Hypothetical Analysis of the Erin Andrews Verdict

Recently, the topic of the Erin Andrews Nashville lawsuit against Michael David Barrett, West End Hotel Partners and Capital Group (hotel owner and operator franchisees), and Marriott International has been in the news. On March 7, 2016, a jury found that Mr. Barrett was 51% liable to Ms. Andrews and that West End Hotel Partners/Capital Group were 49% liable to Ms. Andrews for Mr. Barrett's actions in surreptitiously filming Ms. Andrews nude in her hotel room. The jury awarded $55M as the total amount of damages.
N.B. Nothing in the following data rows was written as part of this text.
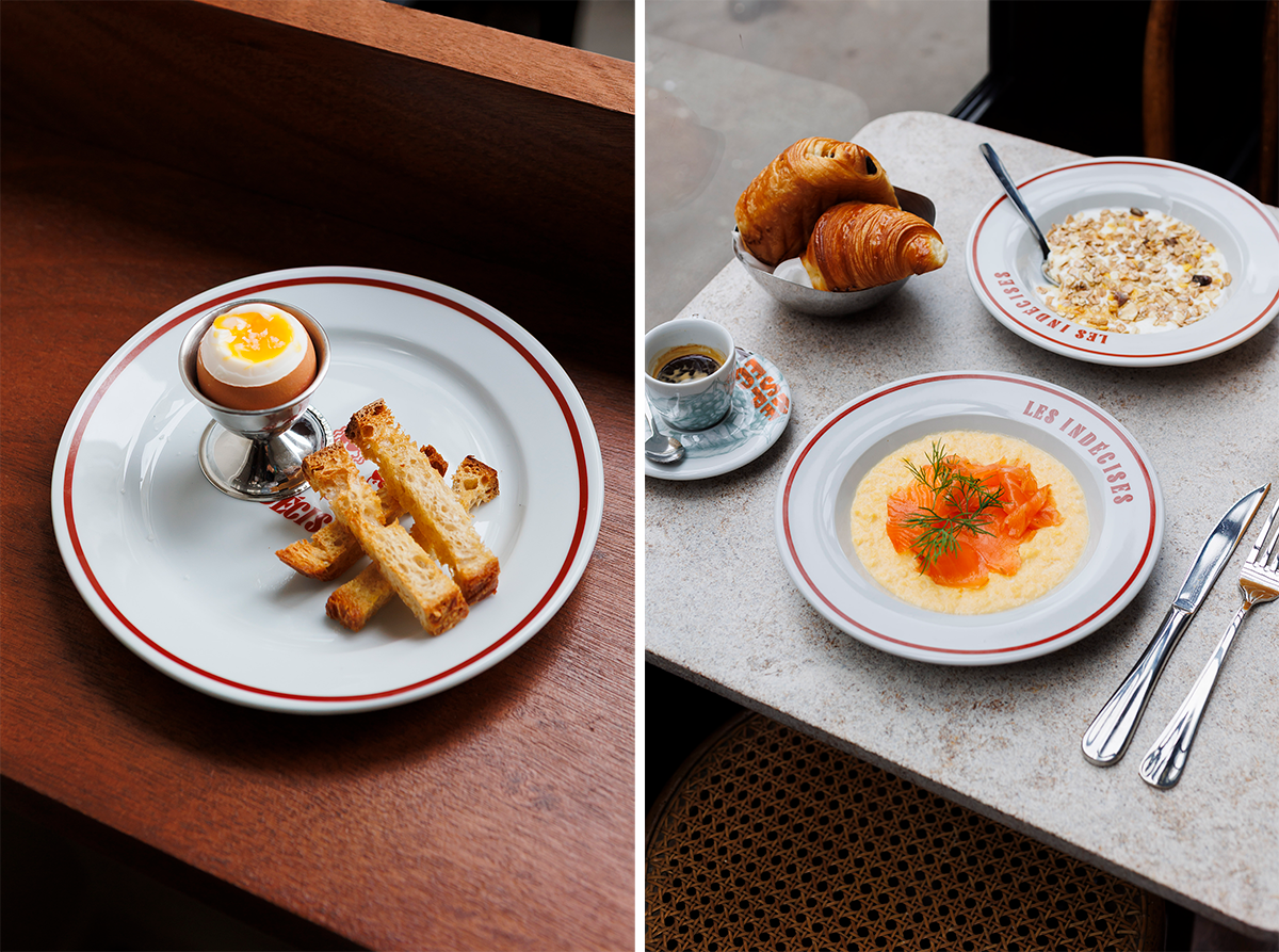 朝食体験も悪くない。アラカルトにはムイエットを添えたウフ・ア・ラ・コック(左/5ユーロ)、スモークサーモンかベーコンを添えたスクランブルエッグ(8ユーロ)、フロマージュブランとホームメイドグラノラ&ハニー(6ユーロ)など。photography: ©AliceCasenave
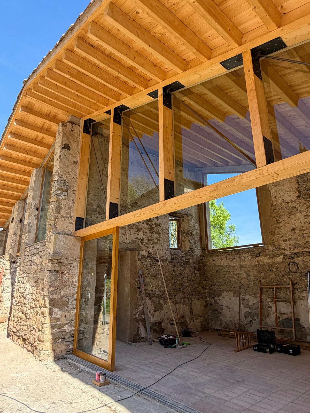 Les obres de rehabilitació de la cabanya del Mas Sobeies avancen a bon ritme i ja es troben en la seva fase final. Durant la darrera setmana s’ha completat la instal·lació d’una part important de la fusteria i els tancaments, un pas essencial per consolidar l’edifici i definir-ne l’aspecte definitiu. Paral·lelament, la zona de banys també ha experimentat un avenç notable, amb les instal·lacions i els acabats molt avançats.
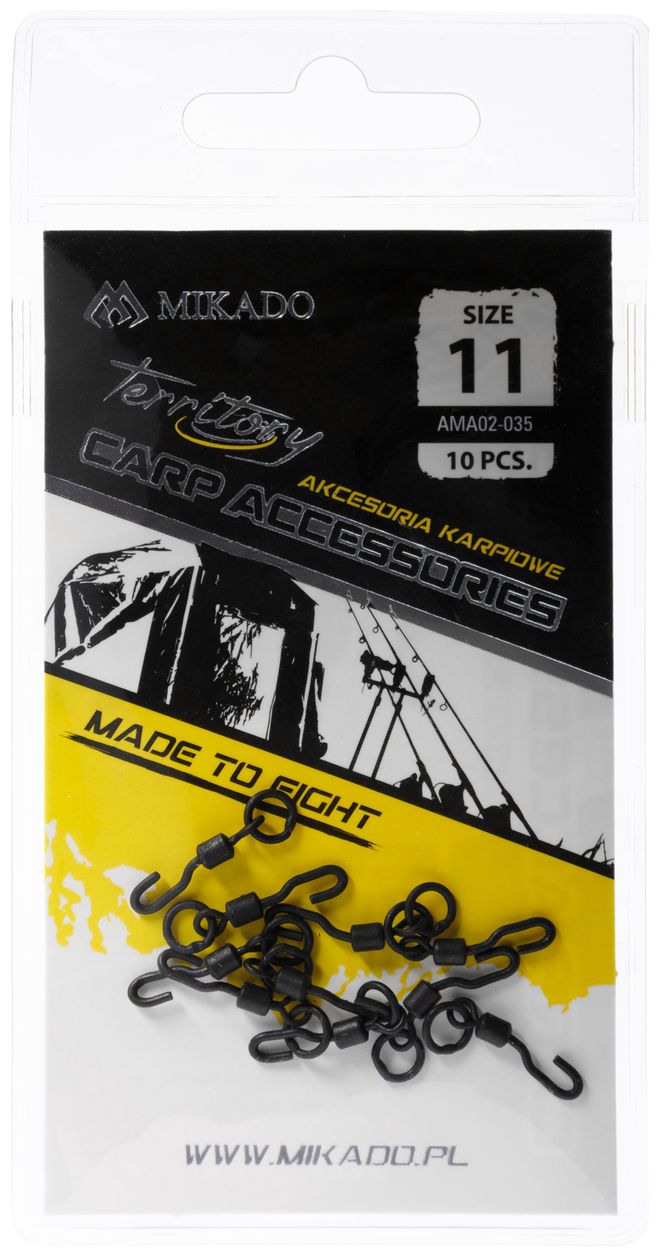 V balení najdete 10 kusů obratlíků, vhodné pro tvorbu návazců na lov kaprů a obecně pro montáže Ronnie Rig. Výrobce: Mikado.
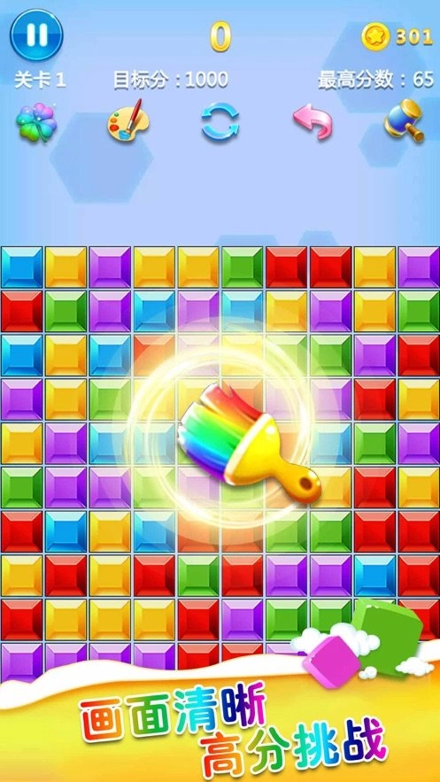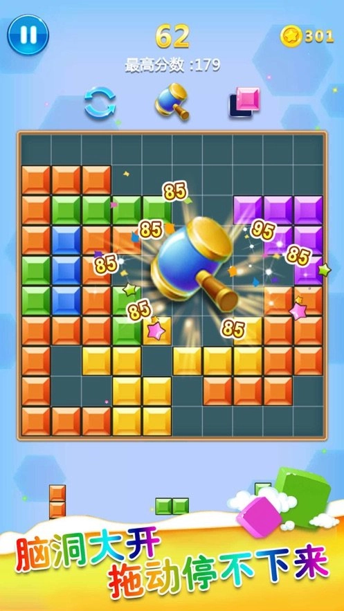 1、打开脑洞,精心谋划,逐步思考,用最少的步数消除画面里更多的方块。
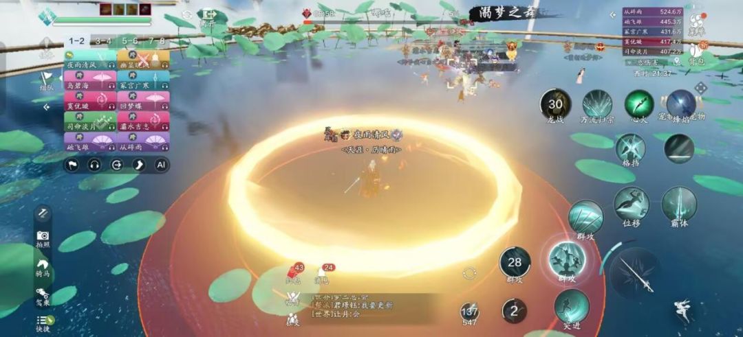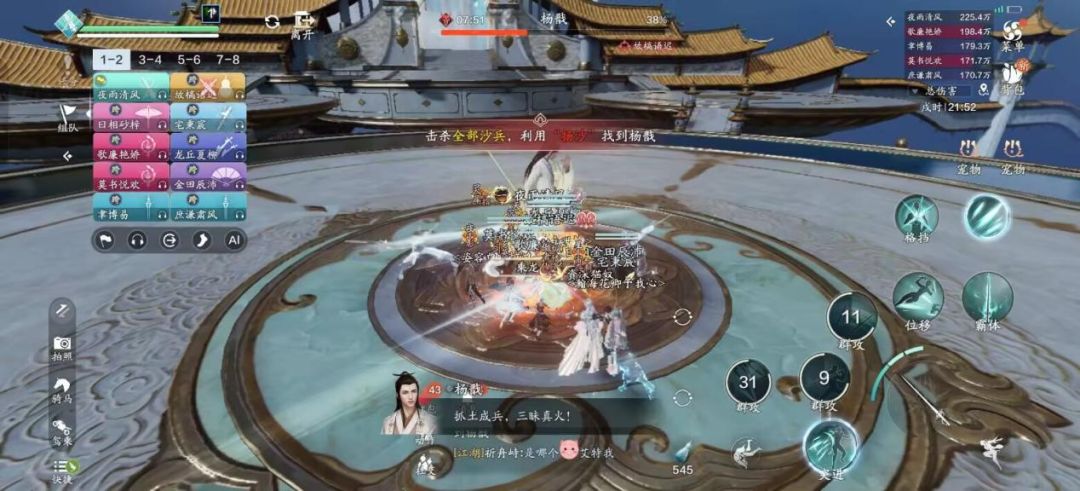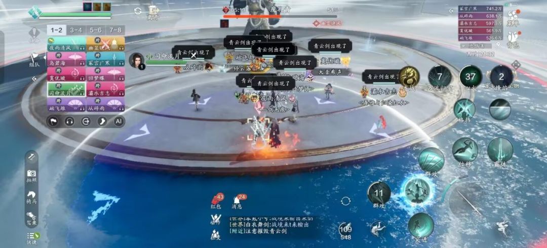 开场建议直接开启增益技能,团队成员在首领脚下抱团输出,这样即便被 “八风之力” 吹到,也不容易撞到 “暴风墙”。
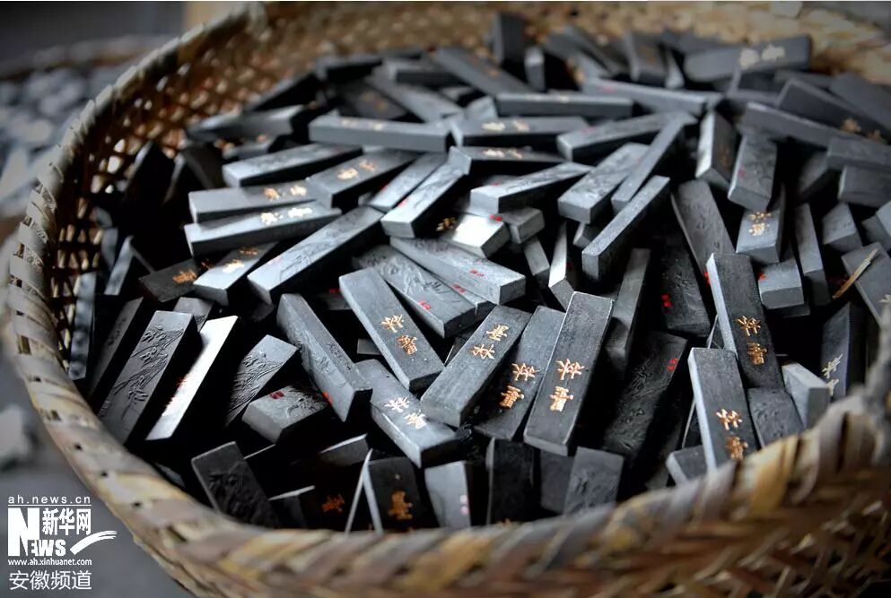 修剪锉边后的徽墨。新华网安徽频道特约摄影师 马贤峰摄
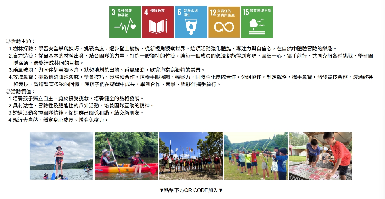 本次营队融合多种户外冒险活动,包括攀树挑战、绳结应用、水上运动等,让参与者突破自我、克服恐惧,提升身心耐力与应变能力。
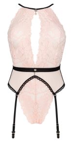 Stringbodyn Lilines från Obsessive av roséfärgad, mjuk spets med inarbetad höfthållare av mjukt powernet. Med svarta kontrastdetaljer och snygg prydnadssmycke över den djupa urringningen. Nästan bar rygg. Mjuk och elastisk för maximal komfort. Axelbanden och strumphållarna kan justeras så att plagget sitter perfekt.
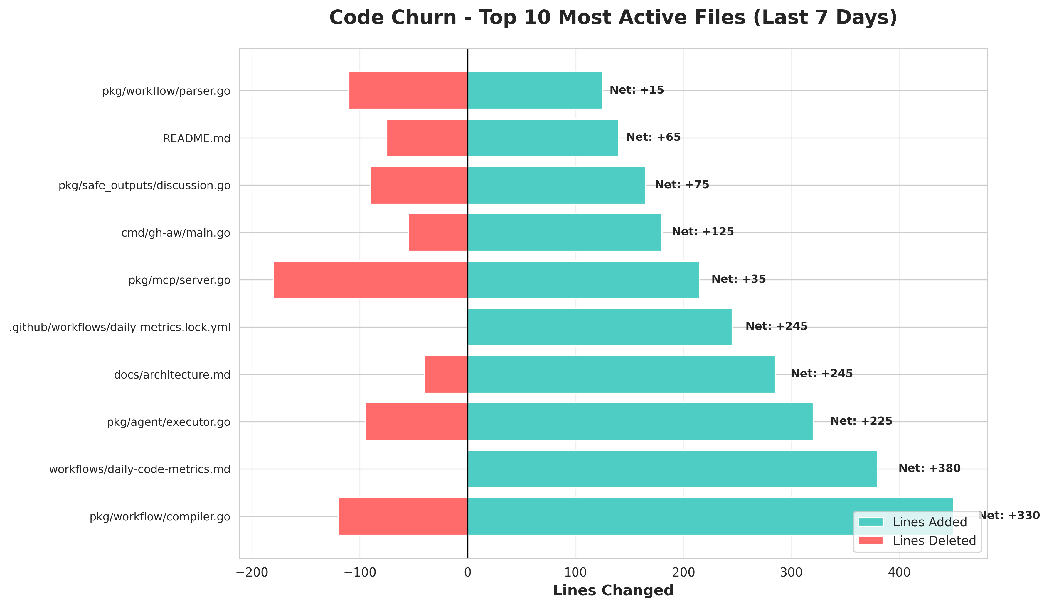 pkg/workflow/compiler.go(net +330)workflows/daily-code-metrics.mdpkg/agent/executor.go(net +225)docs/architecture.md(net +245)The churn pattern indicates active feature development with emphasis on workflow compilation, agent execution, and documentation improvements.
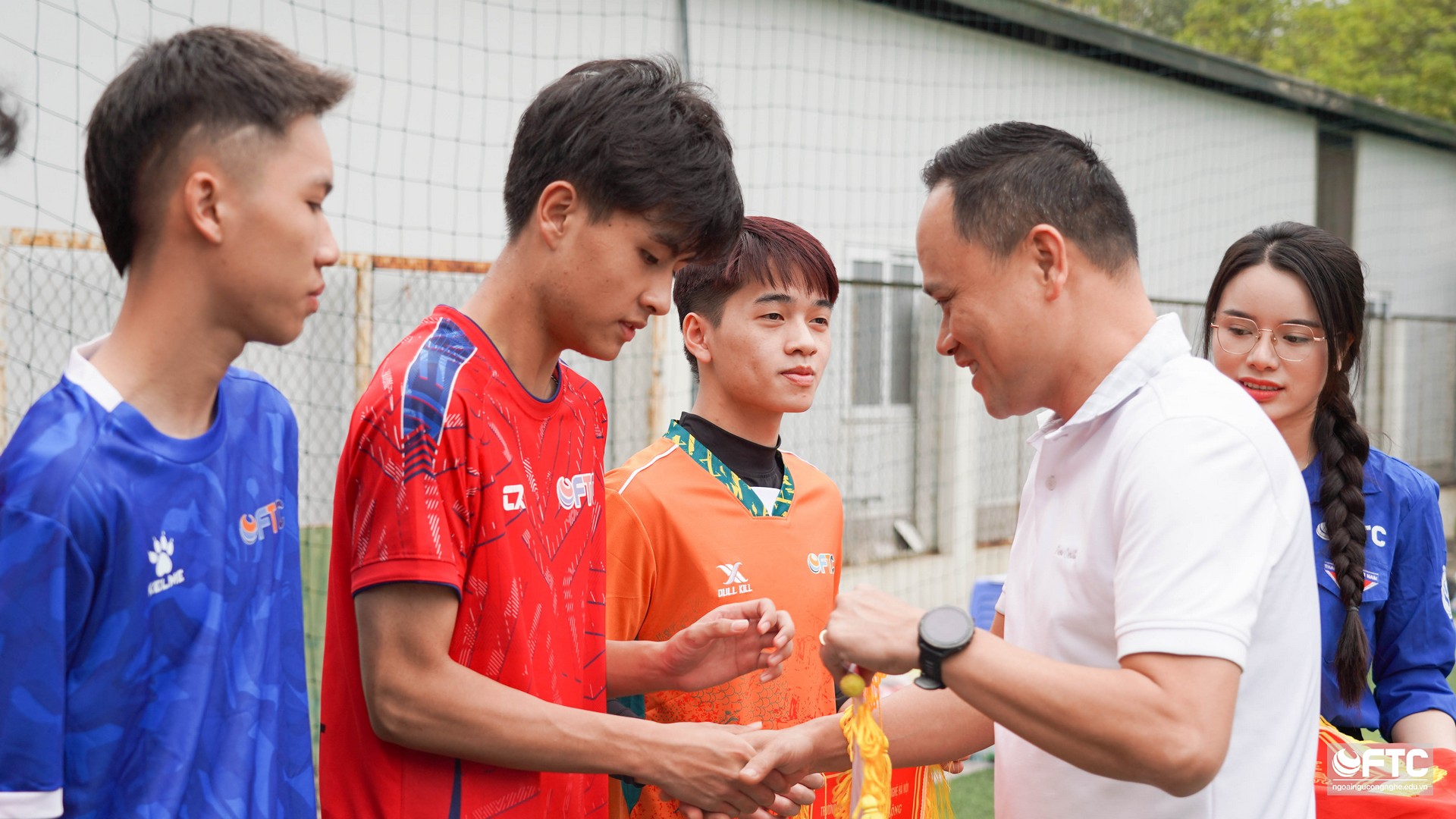 ThS. Nguyễn Cao Đằng - Bí thư Chi bộ, Phó Hiệu trưởng và ThS. Nguyễn Duy Hân - Phó Hiệu trưởng trao cờ lưu niệm cho các đội tham gia
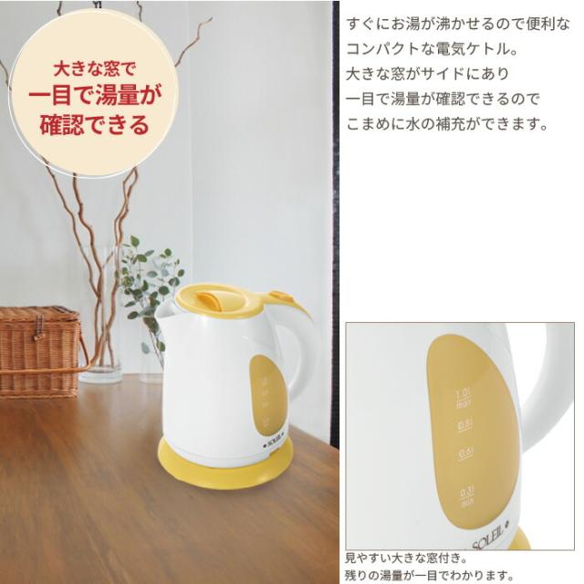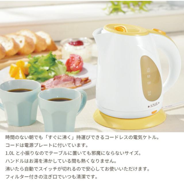 | ● 電気ケトル0.8L ● 電気湯沸かしケトルSV 1.0L ● LEDライト付電気ケトル1.5L ● 電気ケトル1.0L ※このページは[電気ケトル1.0L]を販売しております。 |
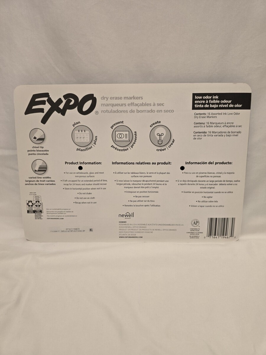 Expo Chisel Tip Dry Erase Low Odor Ink Assorted Color Markers - 16 Count
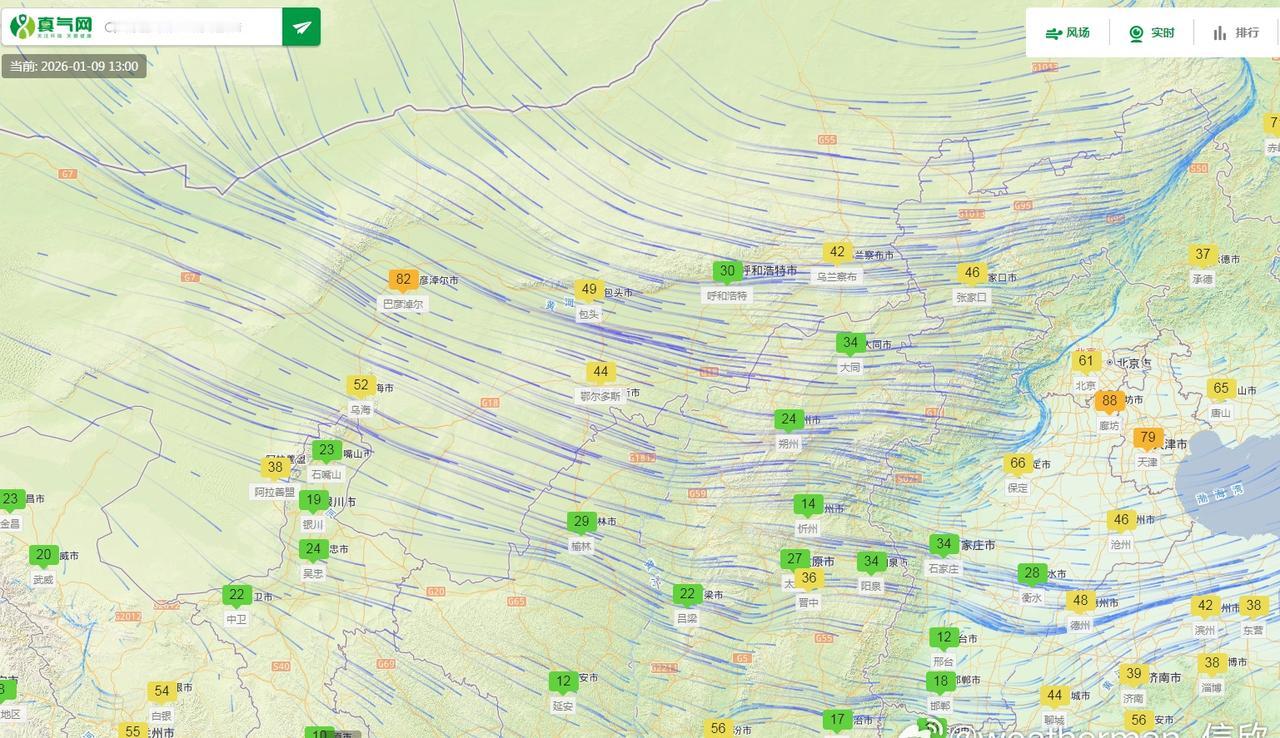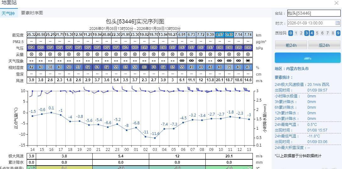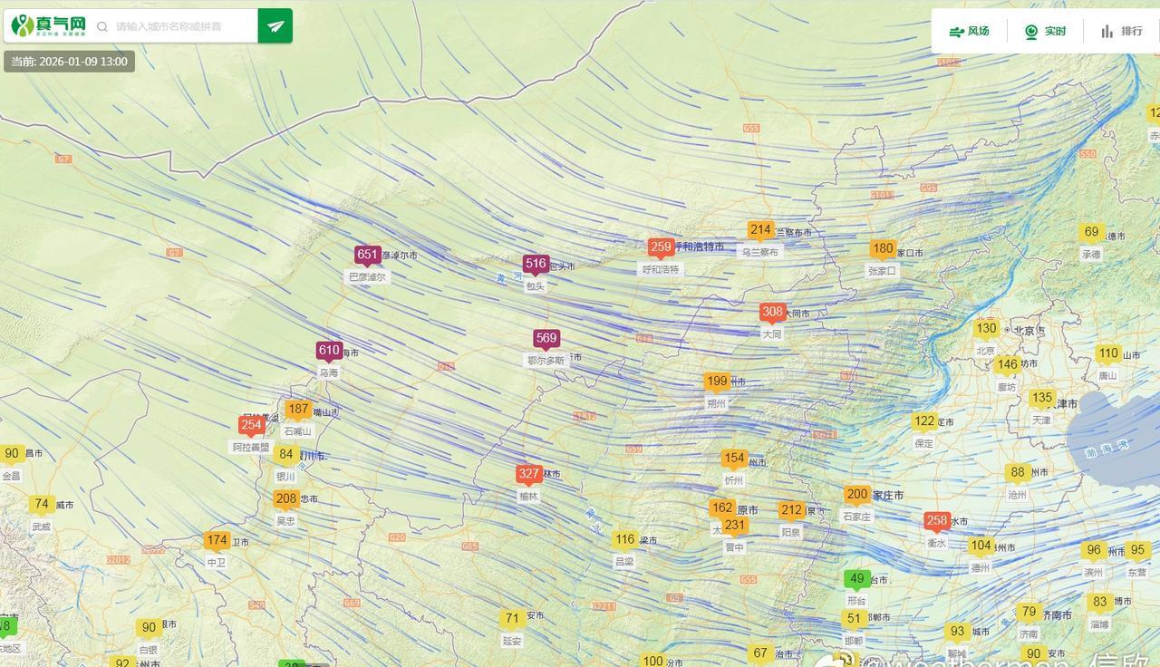 【雪混沙尘】今天内蒙古河套一带出现了沙尘和降雪混杂的情况。包头的观测报给出霾,应该是沙尘,因为PM2.5浓度很低,PM10浓度很高,而且风很大。13时包头PM10浓度还500微克/立方米以上,严重污染,同时天空还飘起了雪花。

Earlier in the year, the Judge dismissed Marriott International, finding that the franchisee, not the franchisor, was responsible for security at the hotel.
 
This case is interesting on several levels. However, for brevity, we'll look at the damages here. First, how does Tennessee's adoption of comparative fault affect the numbers? Presuming the verdict stands as it is now (uncertain as an appeal is likely), then Ms. Andrews can recover 49% of the total award from the hotel franchisees and 51% of the total award from Mr. Barrett. But, let's make a few reasonable assumptions. First, Ms. Andrews likely owes her attorneys anywhere from 33% to 50% of the total award, which comes off the top. So, using the lower percentage, about $18 Million is allocated to the attorneys, leaving about $37M. Second, Mr. Barrett is in prison and is likely broke. Thus, the approximate $28M he owed, will be uncollectible. What about the franchisees? They still owe about $27 Million and likely are collectible. But, remember, the attorneys get paid first ($18M), which leaves about $11M for Ms. Andrews.
 
Second, where does the franchisees' money come from? Insurance? Bank accounts? Assets? There is likely insurance, but, let's assume that the policy is a general commercial liability policy capped at $10M (this would be a large policy as many businesses carry lower amounts). Let's also assume that the carrier doesn't raise any policy defenses to payment. So, the carrier pays $10M and the franchisees need to scrape up the remaining $17M. Presuming this amount isn't sitting in their bank accounts, the franchisees will need to find other ways to pay this debt or Ms. Andrews's legal team may begin aggressive collection efforts.
 
Third, what about an appeal? If the franchisees appeal, Ms. Andrews's legal team presumably will insist upon the franchisees obtaining an appeal bond securing their portion of the judgment. Anyone want to underwrite that $27M bond?
 
All of this is important, but usually omitted from the headlines. But, in reality, getting paid on your judgment is the part that is most near and dear to the client's heart. Working with competent counsel enables one to understand the nuances of this process and to be fully informed about making crucial decisions.